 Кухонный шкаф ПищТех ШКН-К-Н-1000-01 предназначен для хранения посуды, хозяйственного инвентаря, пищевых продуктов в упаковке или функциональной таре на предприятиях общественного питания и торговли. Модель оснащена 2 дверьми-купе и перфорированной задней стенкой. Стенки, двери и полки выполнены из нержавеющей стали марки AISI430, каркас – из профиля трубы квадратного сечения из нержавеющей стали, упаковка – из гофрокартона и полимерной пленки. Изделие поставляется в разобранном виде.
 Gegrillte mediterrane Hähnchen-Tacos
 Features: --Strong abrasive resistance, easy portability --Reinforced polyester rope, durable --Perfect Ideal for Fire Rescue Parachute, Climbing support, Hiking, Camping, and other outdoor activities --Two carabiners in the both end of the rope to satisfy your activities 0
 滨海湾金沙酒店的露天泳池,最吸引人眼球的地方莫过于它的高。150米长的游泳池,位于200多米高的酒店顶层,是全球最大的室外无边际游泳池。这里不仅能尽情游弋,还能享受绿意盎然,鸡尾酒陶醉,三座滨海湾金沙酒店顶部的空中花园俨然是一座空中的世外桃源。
* * *
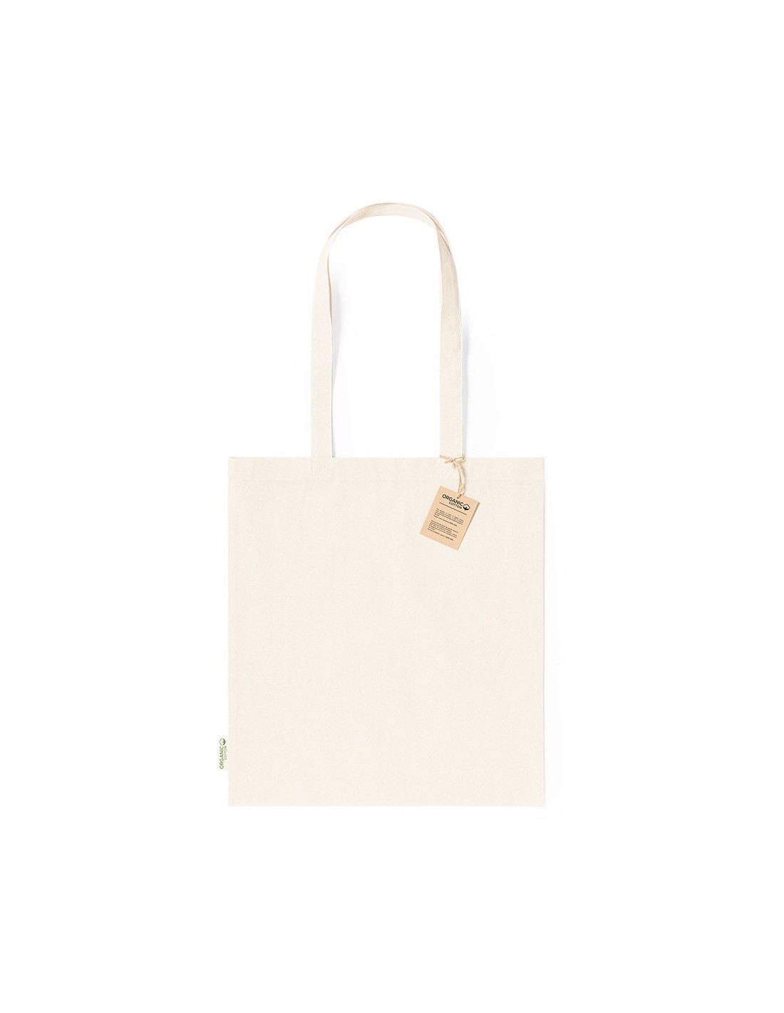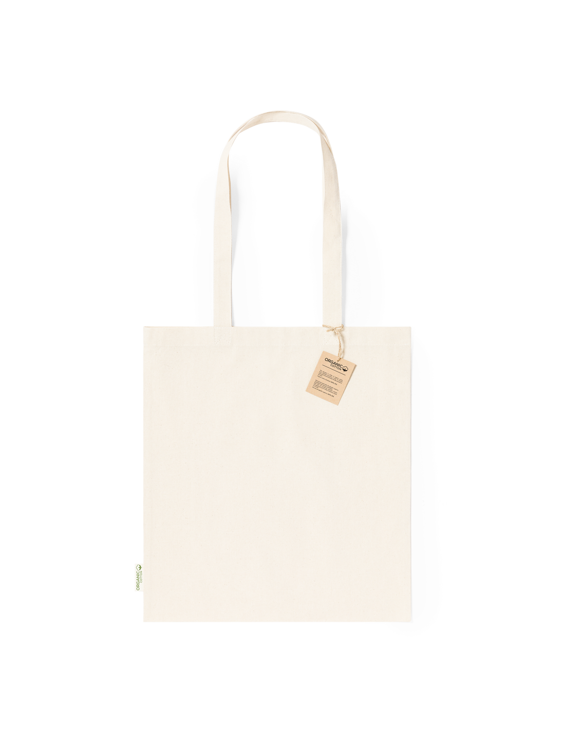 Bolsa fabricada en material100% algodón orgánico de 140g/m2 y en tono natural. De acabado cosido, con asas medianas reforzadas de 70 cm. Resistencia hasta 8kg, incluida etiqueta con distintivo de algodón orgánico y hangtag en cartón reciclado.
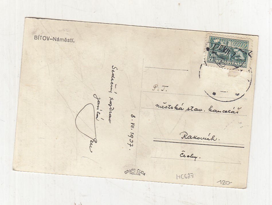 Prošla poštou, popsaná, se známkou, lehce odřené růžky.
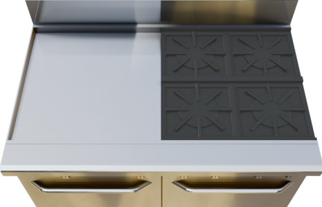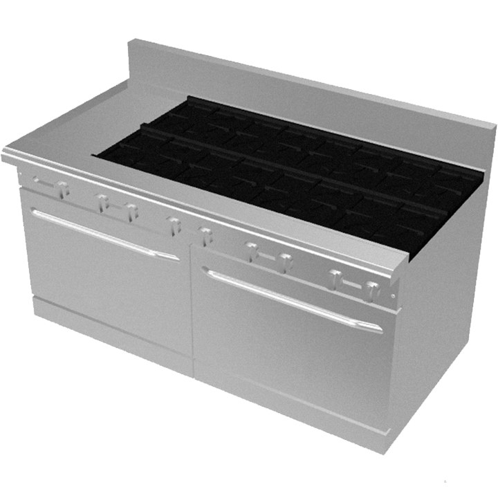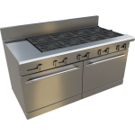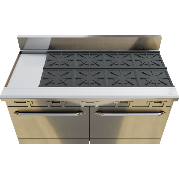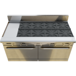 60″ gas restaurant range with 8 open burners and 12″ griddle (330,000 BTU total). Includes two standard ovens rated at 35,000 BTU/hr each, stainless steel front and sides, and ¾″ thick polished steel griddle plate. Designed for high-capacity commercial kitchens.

Exercise requirements => Out of the records above, please copy exactly the lines from the line with "Bolsa fabricada en" up to and including the line with "60″ gas restaurant", minus the pictures.

Completed exercise =>
 Bolsa fabricada en material100% algodón orgánico de 140g/m2 y en tono natural. De acabado cosido, con asas medianas reforzadas de 70 cm. Resistencia hasta 8kg, incluida etiqueta con distintivo de algodón orgánico y hangtag en cartón reciclado.
 Prošla poštou, popsaná, se známkou, lehce odřené růžky.
 60″ gas restaurant range with 8 open burners and 12″ griddle (330,000 BTU total). Includes two standard ovens rated at 35,000 BTU/hr each, stainless steel front and sides, and ¾″ thick polished steel griddle plate. Designed for high-capacity commercial kitchens.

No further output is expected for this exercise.